Портреты (сборник) - Джон Берджер
* * *
Иногда, рисуя, я чувствую, что мои пальцы воспринимают яснее или тоньше, чем глаза, и уж точно яснее, чем мой разум. Сказав «палец», говоришь – «кисть руки», сказав «кисть руки» – говоришь «рука», сказав «рука» – говоришь «плечо». В лучшие моменты человек рисует всем телом, не исключая гениталий. Однако вернемся от руки к пальцам.
Ее пальцы касаются бумаги палочкой угля, или графитовым карандашом, или резинкой. Но разве это все, что они делают? Разве они при этом не касаются также и лица, носа, волос, глаз, так что немного закрывают уголки рта? Каково отношение между рисованием и поглаживанием, между стиранием и лаской?
Я не знаю точного ответа, но я чувствую здесь тайну. И она связана с другой тайной: почему-то этот цикл рисунков, фиксирующий последние дни богемной пьянчужки, заставляет меня думать об ангелах. В Прадо есть картина Антонелло да Мессины «Пьета». Сползающее вниз тело мертвого Христа в руках хрупкого ангела. Ангел держит тело так же, как эти рисунки держат Генриетту. Однако, указав на это, давайте сразу обозначим различие двух ситуаций. На большинстве рисунков Мэгги Генриетта далеко еще не умерла, на некоторых она действует очень активно, отдаваясь, требуя обещаний, выпрашивая или предлагая утешение. Эти рисунки – часть любовной истории. (Их можно даже считать любовными письмами, написанными ими обеими.) Но о чем на самом деле говорят любовные истории? Не обращайтесь за ответом к мыльным операм, поищите его в себе. Не бывает одинаковых любовных историй, но каждая как-то связана с желанием и жалостью. В том, что называют притяжением, всегда вписан скрытый пункт об утешении – утешении предлагаемом и получаемом. Сейчас я думаю не о чувстве жалости, тесно связанном с идеей милости: я думаю о жалости как о составной части, а может, и об основе иных чувств и страстей. Или, говоря проще, нет любви без жалости, и чем больше мы стареем, тем яснее становится эта истина. Мэгги и Генриетта это знали.
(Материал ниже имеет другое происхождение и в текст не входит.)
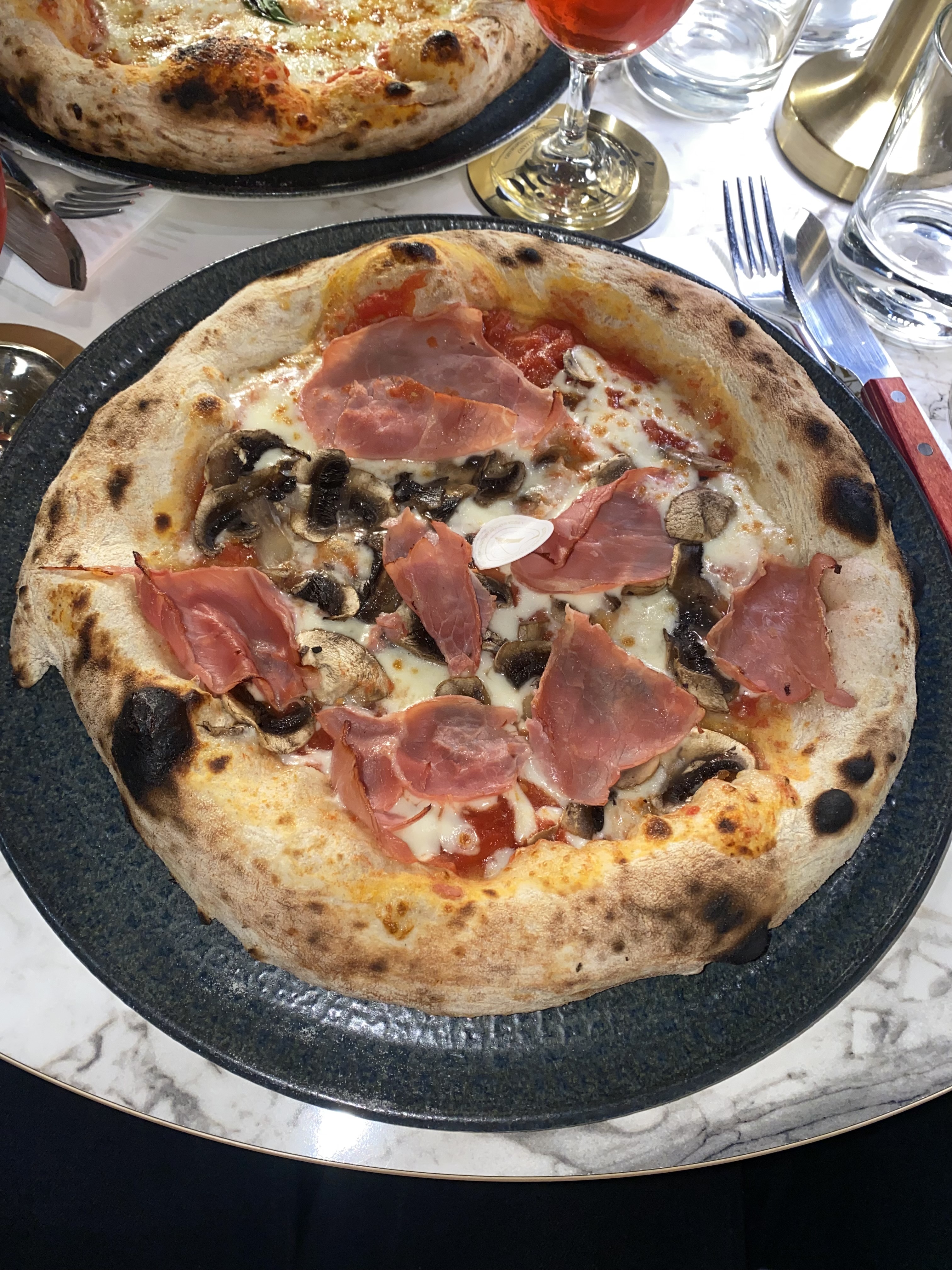 Une belle expérience, de très bonnes pizzas très copieuses par contre bémol sur des petits détails comme le fait que nous n’avons pas eu le temps de savourer nos cocktails que nos plats ont été si tôt servis , commercialement parlant ce n’est pas stratégique car du coup nous n’avons pas prit de vin. Plus de cocktails à base de Prosecco (très regrettable pour un restaurant italien), nous ne sommes pas prévenu à l’avance donc petite frustration lors de notre commande et pas de proposition du cocktail du jour que nous découvrons sur la story insta du restaurant en sortant …Pas de carafe d’eau proposée, il a fallu demander, le dessert était bon mais sans le plus: un baba au rhum avec une crème à la pistache (très léger en goût de pistache). Le cadre est très beau, le mobilier choisi avec goût et le service plutôt sympathique.

Эти рисунки напоминают нам о том, что и в физической близости, и в проявлении жалости прикосновение столь же важно, как в рисунке.
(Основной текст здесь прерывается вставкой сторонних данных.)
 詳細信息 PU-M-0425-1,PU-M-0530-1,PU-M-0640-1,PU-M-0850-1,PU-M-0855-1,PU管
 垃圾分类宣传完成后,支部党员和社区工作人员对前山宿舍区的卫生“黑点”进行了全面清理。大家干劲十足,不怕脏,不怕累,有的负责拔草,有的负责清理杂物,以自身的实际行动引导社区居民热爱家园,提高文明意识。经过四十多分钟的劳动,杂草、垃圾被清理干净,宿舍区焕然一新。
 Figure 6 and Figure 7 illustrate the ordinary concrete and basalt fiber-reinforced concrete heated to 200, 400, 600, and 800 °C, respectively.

И последнее наблюдение: только на тех десяти рисунках, которые Мэгги сделала в морге или нарисовала, глядя в гроб, не видно никаких подчисток. Мертвых мы касаемся иначе. На последних рисунках, сделанных по памяти, ласка появляется снова.
62. Лиана Бирнберг
(р. 1948)
Лиана, я не хочу трактовать твои картины для третьих лиц: эти полотна независимы и свободны, а интерпретировать их для кого-то еще – значит посягать на их свободу. Я не имею в виду, что они неясны для восприятия, их можно толковать как угодно. (Главное их свойство – точность, и чуть ниже я попытаюсь сказать об этой точности.) Более того, слово «трактовать» само по себе неверное: как будто картины – это высказывания на иностранном языке, а это неправда. Они написаны на хорошо знакомом языке, хотя иногда и говорят о неназываемом, – как музыка.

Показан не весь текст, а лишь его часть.